Some things are not going to get done. There is just no energy for them. It might be as simple as writing a thank you note, or as complex as vacuuming. It’s not always the act itself that is prevented, but the many small steps it takes to carry out that act. Stairs stop me from doing a lot of things. I can do the flight once, then sit down. Ask me to do them twice, I may need a nap.

But it’s not just laborious tasks. I can design a beautiful book cover, execute edits in a client’s book, but ask me to balance the checkbook, it took me three days. Anything that requires cognitive, left-brain thinking is harder than the more artistic, right-brain function.

During slow week, I accept what I can do and what I can’t. I try not to worry about what doesn’t get done. Tim picks up what loose ends he can. I watch, feeling helpless. (At times, I can’t even open a Gatorade.)

Tim and I count down the weeks segregating them into portions, Week 1 chemo, week after Week 1 chemo, etc. (We are into “after Week 3 chemo now.”) I find the slowness or lethargy is a little more each time.
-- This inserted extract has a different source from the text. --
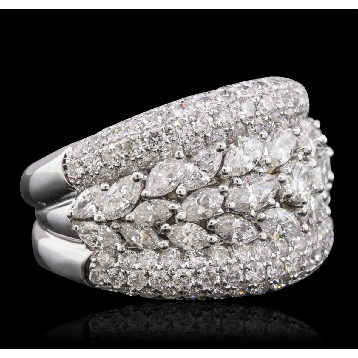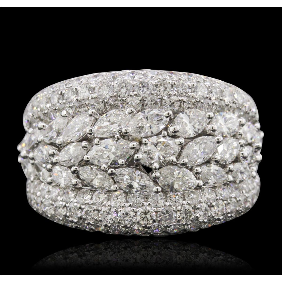 One electronically tested 14KT white gold ladies cast diamond ring with a tapered shank with a bright polish finish. Identified with markings of "14K". Condition is new. Containing: Twenty-Six prong set marquise shaped cut diamonds, measuring 4.00 x 2.20 x 1.39mm (depth est.) approximate total weight of 26 Stones = 2.10ct. Clarity: SI-1. Color: G - H, Cut is Good. One Hundred Forty-Four prong set round brilliant cut diamonds, measuring 1.50 - 1.50 x 0.90mm (depth est.) approximate total weight of 144 Stones = 1.77ct. Clarity: SI-2 to I-1. Color: H - I, Cut is Good. All diamonds are graded in the mounting, unless otherwise stated. Total Weight of Diamonds 3.87ct. Total Weight of Ring 9.00 grams. GGL Appraised at $14,835.00.

Week 4, which is slated for April 18, should be the last of the hard-hitting treatments, or so they say.

Jamie GreenHatIronically, lethargy doesn’t necessarily equate to more sleep. I find I sleep far less, lay awake at night far more. I make up for it with cat naps during the day. Last night, now through slow week 3, I actually slept through until 5 a.m. I can’t tell you how sweet that kind of sleep really is. And while I do some of my best thinking at 3 a.m. these days, not everything that comes out of the night is profound. Sometimes it’s just lying there counting the minutes.

I’ve been fortunate, though, that the side-effects, to date, have remained minimal. I did end up on some antibiotic last week after a potential sinus infection. Thankfully, that didn’t last long. The headache was debilitating, and I wasn’t much fun to be around. But it cleared out fast once the drugs were administrated. I was very thankful for that.

I did manage to eek out a little fun along the way this week. I bought a couple of funny hats, one with long red yarn hair, and another, yet to come, with green leaves they refer to as a mermaid hat. I figure I might as well have fun with it as my hair isn’t coming back until this is over.